Precision BioSciences and Novartis announced this week that they will be working together on the research and development of in vivo gene editing therapies for sickle cell disease and other blood diseases.
Under the outlined agreement, North Carolina-based Precision will develop and conduct in vitro characterization of an ARCUS nuclease and Novartis will then handle the remaining research, development, manufacturing and commercialization. In exchange for exclusive licensing to the nuclease developed by Precision, Novartis will pay $75 million upfront, and up to $1.4 billion in future payments.

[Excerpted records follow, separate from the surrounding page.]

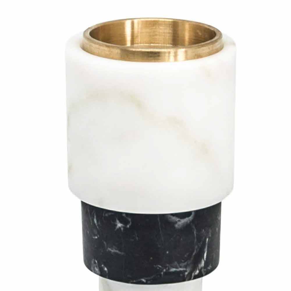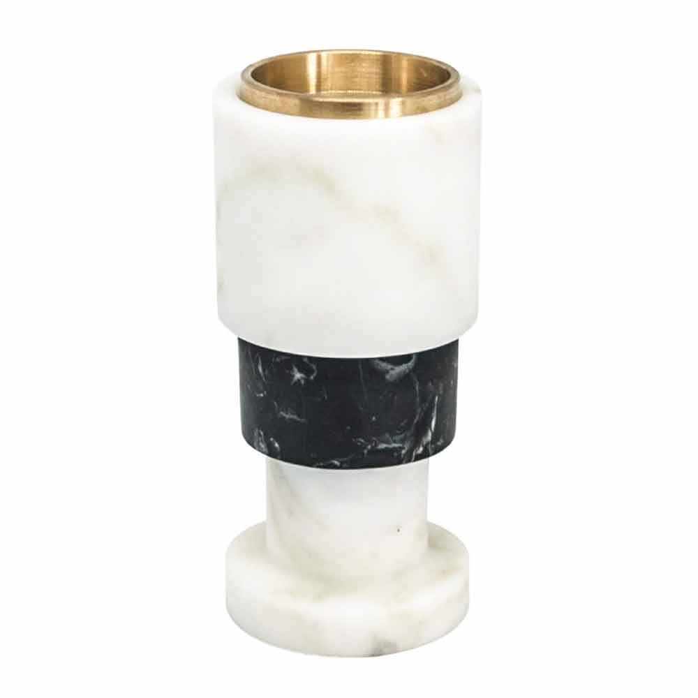 Two- tone candle holder made with high quality marble and brass . It is to be considered a unique piece as each block of marble used differs from the others for veins and shades. The white marble comes from the Poggio Silvestre quarry, a source of first quality marble classified since the last century while the black Marquinia marble is extracted from Spanish quarries.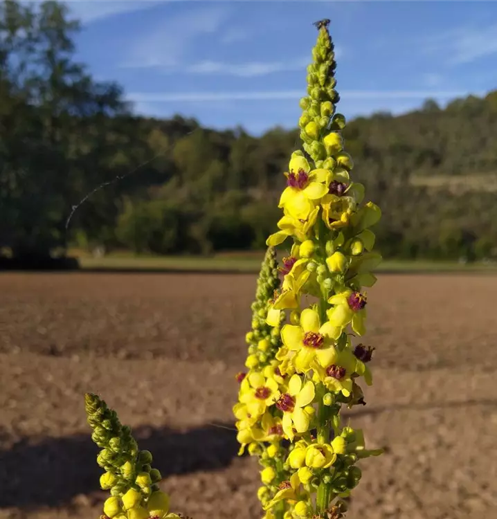 Wichtige Heilpflanze bei Husten: Für einen lindernden, schleimlösenden Tee nimmt man Blätter und Blüten. Äußerliche Anwendungen helfen gegen Prellungen und Entzündungen der Haut. Die zweijährige Schwarze Königskerze bildet einen dichten Blattschopf aus langgestieltem, frischgrünem Laub. Ihre großen, herzförmigen Blätter sind oberseits kahl, unterseits filzig behaart. Weiter oben ist das Laub kleiner und länglich-eiförmig. Von stabilen, unverzweigten und zumeist rötlich überlaufenen Stängeln getragen erscheinen dann kerzenartige Blütenstände. Sie schmücken sich überreich mit gelben Schalenblütchen, in deren Mitte strahlend violette Staubgefäße sitzen. Die von oben nach unten aufblühenden Blütenstände passen in naturnah gestalteten Flächen mit Wiesencharakter gut zu Salvia nemorosa (Steppen-Salbei) und Anthemis tinctoria Alba (Färber-Hundskamille in weiß). Auch im sonnigen Staudenbeet und bei lichten Gehölzen ist die Schwarze Königskerze immer ein Hingucker. Die Blütenstände kann man nach dem Verblühen an der Pflanze belassen. Sieht im Winter gut aus im Beet und hilft der Pflanze, sich durch Selbstaussaat zu erhalten.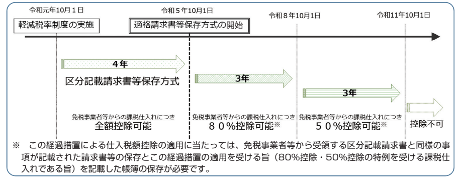 令和5年10月から3年間は仕入に係る消費税に相当する金額の80%を控除。そして、その後令和8年10月から3年間は仕入に係る消費税額に相当する額の50%を控除できます。合計6年間の経過措置の期間を経た令和11年10月以降は、全額仕入税額控除できなくなります。

The ARCUS nuclease is designed and intended to insert an in vivo, transgene that addresses the genetic faults that lead to disease, offering a potential one-time transformative treatment option for diseases such as sickle cell and betha thalassemia.
“The in vivo gene editing approach that we are pursuing for sickle cell disease could have a number of significant advantages over other ex vivo gene therapies currently in development,” said Derek Jantz, Precision’s chief scientific officer and co-founder. “Perhaps most importantly, it could open the door to treating patients in geographies where stem cell transplant is not a realistic option. We believe that the unique characteristics of the ARCUS platform, particularly its ability to target gene insertion with high efficiency, make it the ideal choice for this project, and we look forward to working with our partners at Novartis to bring this novel therapy to patients.”